India recorded 41,806 new coronavirus cases on Thursday morning, pushing the tally of infections since the outbreak of the pandemic in January last year to 3,09,87,880. The number was 7.7% higher than Wednesday’s count of 38,792 cases. India’s toll rose to 4,11,989 as it recorded 581 more deaths in the last day.

The number of active cases in India stood at 4,32,041, while the count of recoveries reached 3,01,43,850.

As of Thursday morning, 39,13,40,491 doses of Covid-19 vaccine had been administered in India. On Wednesday, the Union health ministry expressed concern about the slow pace of vaccination by private inoculation centres in some states. It advised the states to review the progress of vaccine procurement by private centres on a daily basis.

Source: Ministry of Health and Family Welfare

Meanwhile, the Ministry of Home Affairs wrote to the states about the “blatant violation” of Covid-19 protocol in hill stations and markets, directing them to adopt measures to control large crowds.

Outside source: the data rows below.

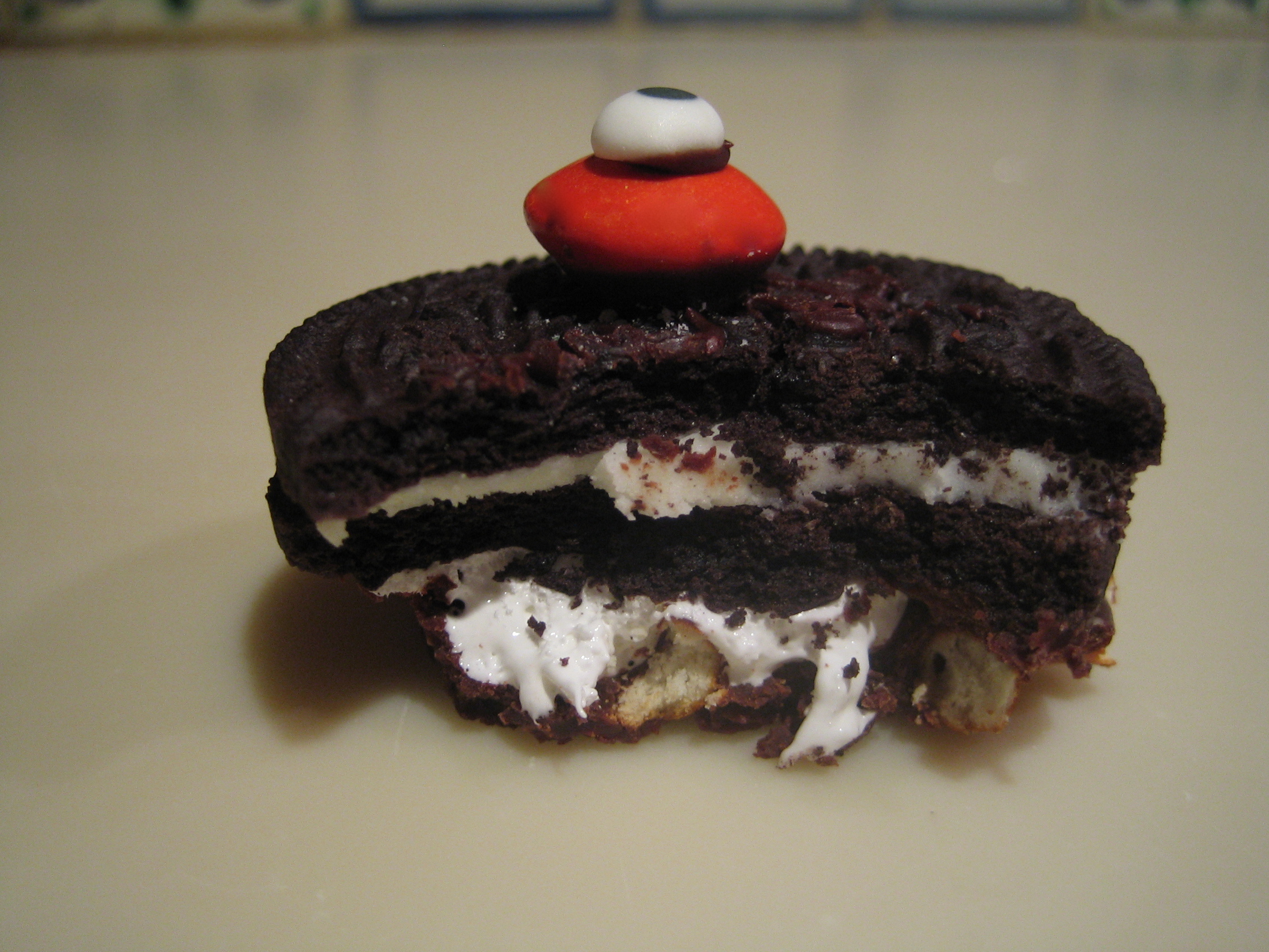 I made these predominantly because I thought they were cute. I was completely unprepared for how delicious they would taste. The soft creme in the now set up chocolate with the salty hint from the pretzel is total YUM. And, of course, there was Oreo in there, too.
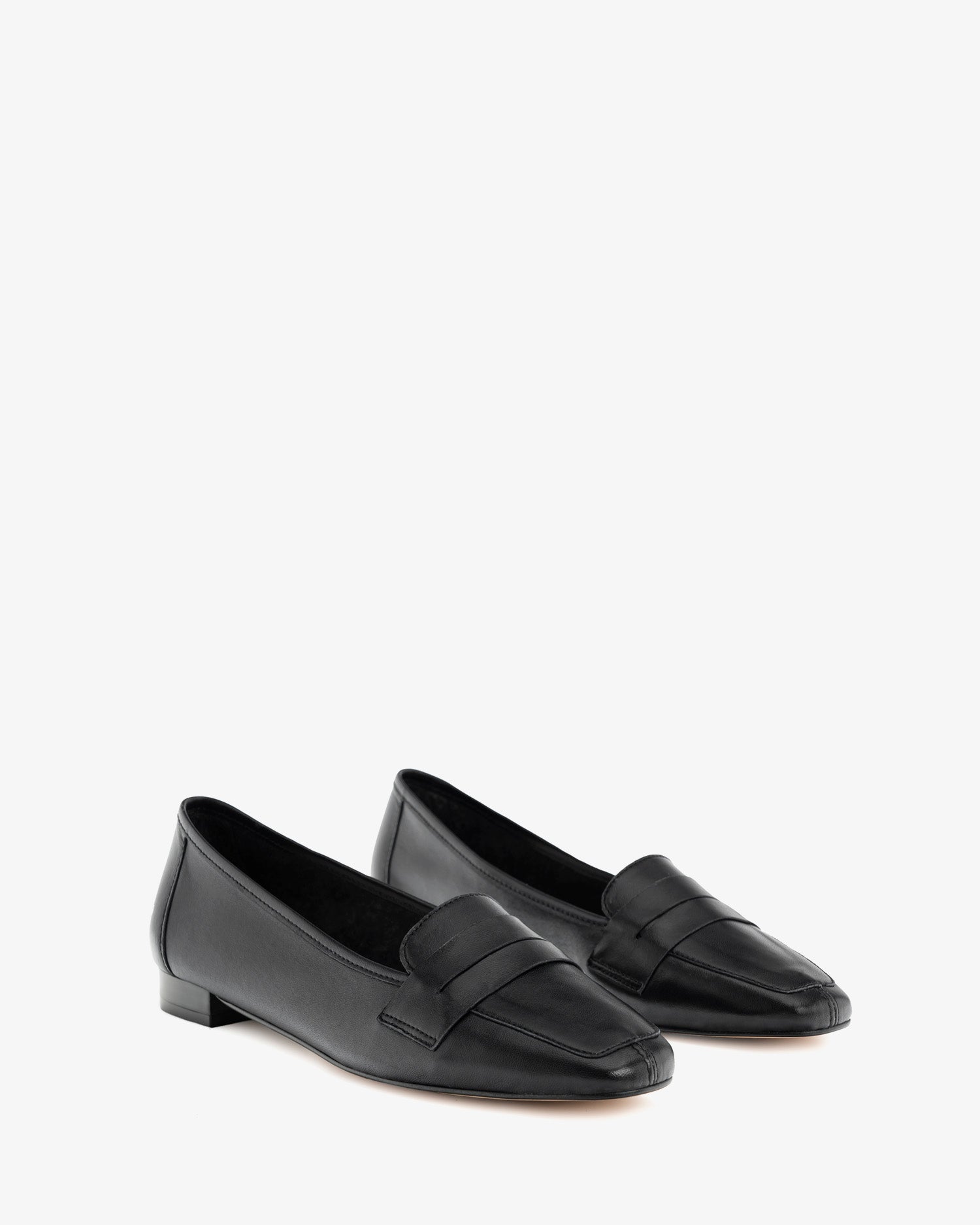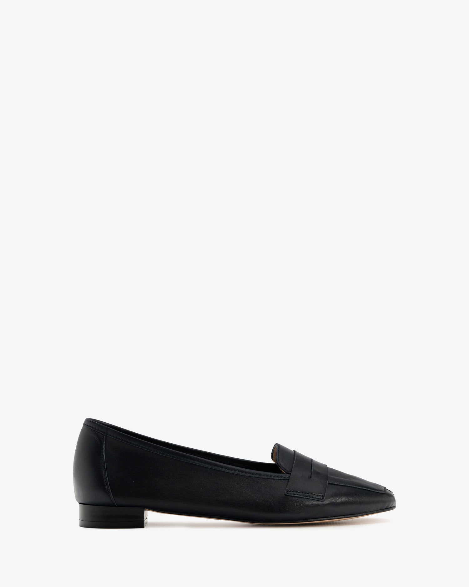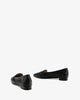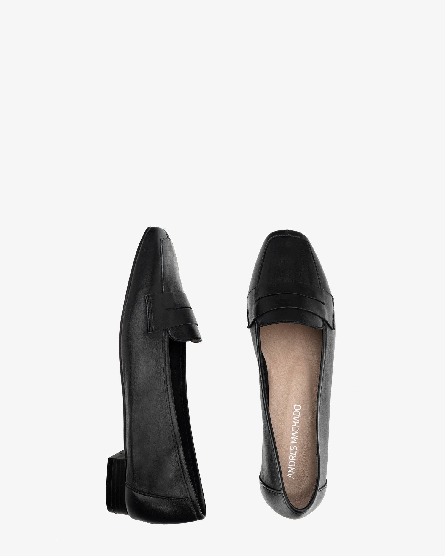 Loafer in black smooth leather. Designed with saddle detail over the vamp and finished with a square toe. Beige inner lining. The heel has a wooden effect laminate and is 1.5 cm / 0.59`` high for sizes from 32 to 38 EU. The heel is 2 cm / 0.78`` high for sizes from 39 to 45 EU.
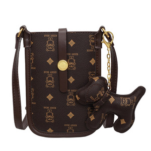 ハイエンドの軽い高級ミニ携帯電話バッグ 2025 新しい漫画クマプリントショルダーバッグカジュアル多用途小さな正方形バッグ
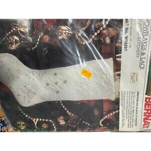 Vintage Bernat Snowflakes & Lace Counted Stitchery Christmas Stocking Kit Sealed
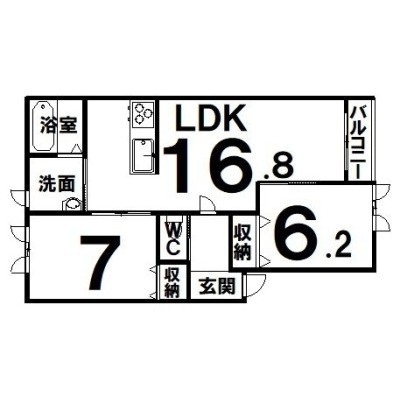 2LDK(65.68m²)└ LDK16.8×洋7×洋6.2
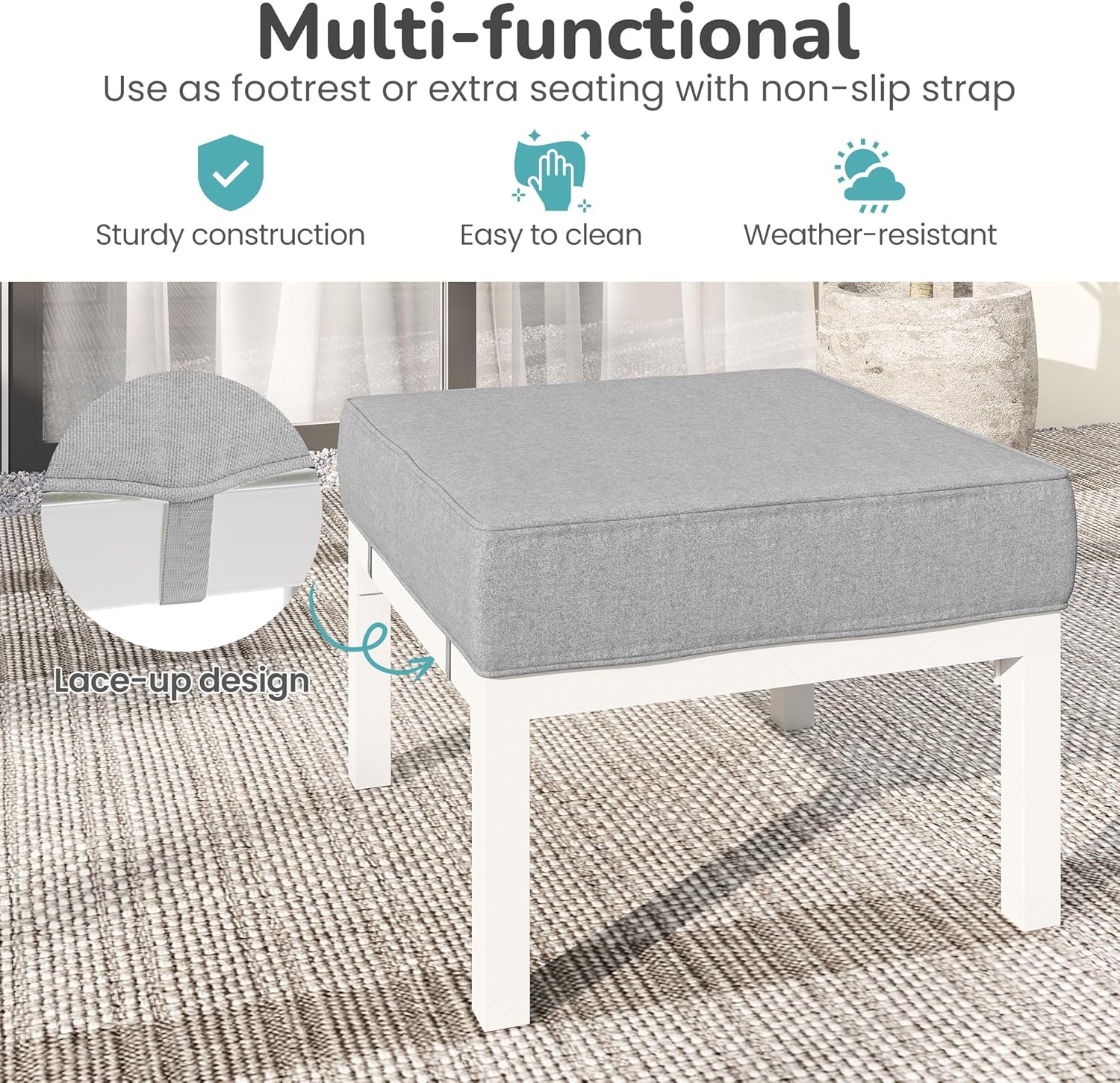 - Weather-Resistant Aluminum Frame: Crafted from lightweight aluminum, our metal patio foot stool resists rust and corrosion, ensuring durability in all weather conditions.
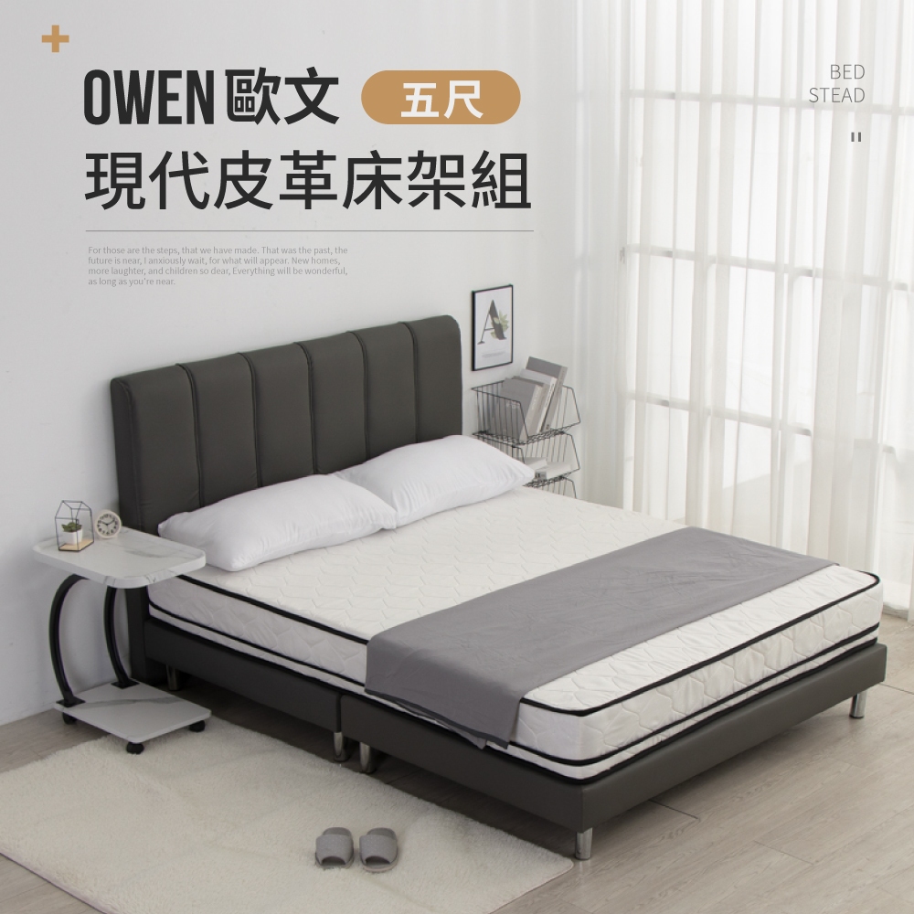 【IDEA】OWEN歐文現代5尺雙人皮革床架/房間3件組(床頭+床底)
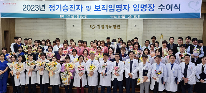 이날 진료부 심장내과 김유민 부장 등 3명을 비롯해 행정부 전산팀 이진남 차장 등 12명, 간호부 수술실 이승희 차장 등 76명, 진료지원부 혈관조영실 김상연 부팀장 등 28명 등 총 119명이 직원이 대거 승진했습니다. 이어 심장내과·응급의학과·중환자의학과·가정의학과·핵의학과·소화기내과·외과·진단검사의학과 등 전문의 8명과 신규 간호사 98명 포함 간호부 106명, 의료기사 등 진료지원부 직원 16명 등 총 130명의 신입 직원에 대한 임명장 수여식을 진행했습니다.

It said that an increase in R number, which measures how many people are being infected by one Covid-positive person, was worrying.

The Indian Sars-CoV-2 Genomics Consortium, or INSACOG, a consortium of 10 laboratories that conducts genome sequencing of Covid-19 samples, said that sub-lineages of the Delta variant of the coronavirus – AY.1 and AY.2 – were unlikely to be more transmissible than the strain itself.

Globally, the coronavirus disease has infected over 18.83 crore people and killed over 40.57 lakh since the pandemic broke out in December 2019, according to Johns Hopkins University.

Indonesia is recording a huge increase in Covid-19 cases because of an outbreak of the Delta variant. The country reported over 54,000 cases on Wednesday, according to Reuters.

“We’re already in our worst-case scenario,” senior minister Luhut Pandjaitan told the news agency. “If we’re talking about 60,000 [cases a day] or slightly more than that, we’re okay. We are hoping not for 100,000, but even if we get there, we are preparing for that.”